Our biggest worry with HIV/AIDS

Editorial

TO know that Papua New Guinea has not done anything serious to address HIV is worrying.
It was made known during a research report launch this week that PNG was still a long way from achieving its 2030 goal of reducing the number of deaths, new infections and mother-to-child transmissions.
Not to be completely written off, efforts are being made by the Government as well development partners but it must be placed at the right place where the required outcomes would be achieved
Since HIV was first recorded in Papua New Guinea in 1987, HIV infections have shown a significant and steady growth.
In 2009, the number of adults (aged 15-49) living with HIV was estimated to be 35,800 which was equivalent to a national prevalence rate of 0.9%.

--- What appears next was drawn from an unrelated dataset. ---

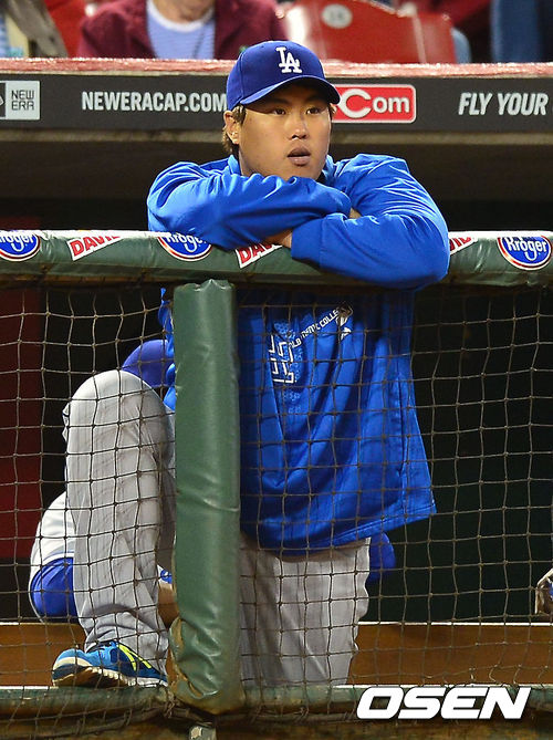 9회 덕아웃에서 다저스 류현진이 아쉬운 표정으로 경기를 지켜보고 있다. / rumi@osen.co.kr

By the end of 2009, a cumulative total of 11,520 people were estimated to have died because of HIV-related illnesses and 5610 children had become orphans, losing one or both of their parents, as a result of the epidemic (National AIDS Council and National Department of Health, Consensus Workshop on HIV Estimation – 2010).
According to the World Health Organisation, HIV was the leading cause of death at Port Moresby General Hospital in 2005. A United Nations report estimated that 54,000 people in PNG were living with HIV in 2008 and that unprotected sex was the main mode of transmission of AIDS across all countries in the Pacific.
It found that the primary reasons for HIV infection were gender inequality, gender-based violence, the impact of alcohol and drugs on sexual behaviour, and commercial sex.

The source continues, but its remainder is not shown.